The data section start

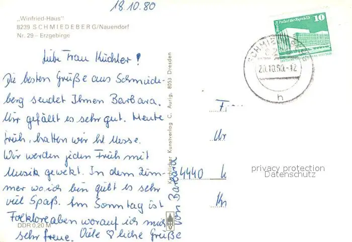 Schmiedeberg _Dippoldiswalde Winfried Haus im Erzgebirge Schmiedeberg postalisch gelaufen 1980 Erhaltung siehe scans [FriedD77] Frierer
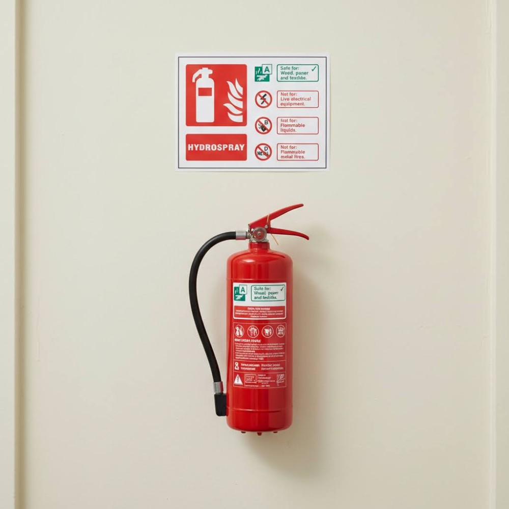 The sign should be installed directly above or next to the extinguisher, in visible areas where Class A fire risks are most common. Typical locations include offices, schools, hospitals, hotels, and public buildings, particularly in corridors, classrooms, storage rooms, and other places where materials like paper and fabric are present. In these settings, hydrospray extinguishers are effective and easy to operate in an emergency.
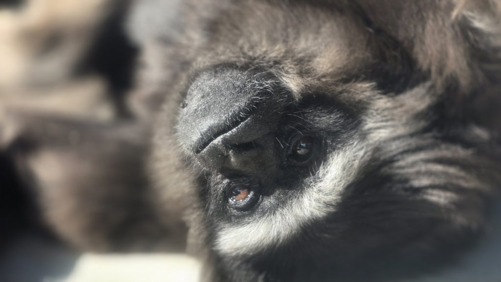 体操座りをしてこちらを見つめていてすごくかわいかったです。

The data section end

• What needs to be done: Although the material contains pictures, only the lines are to be written out, exactly as they stand.

• Output of the exercise:
 Schmiedeberg _Dippoldiswalde Winfried Haus im Erzgebirge Schmiedeberg postalisch gelaufen 1980 Erhaltung siehe scans [FriedD77] Frierer
 The sign should be installed directly above or next to the extinguisher, in visible areas where Class A fire risks are most common. Typical locations include offices, schools, hospitals, hotels, and public buildings, particularly in corridors, classrooms, storage rooms, and other places where materials like paper and fabric are present. In these settings, hydrospray extinguishers are effective and easy to operate in an emergency.
 体操座りをしてこちらを見つめていてすごくかわいかったです。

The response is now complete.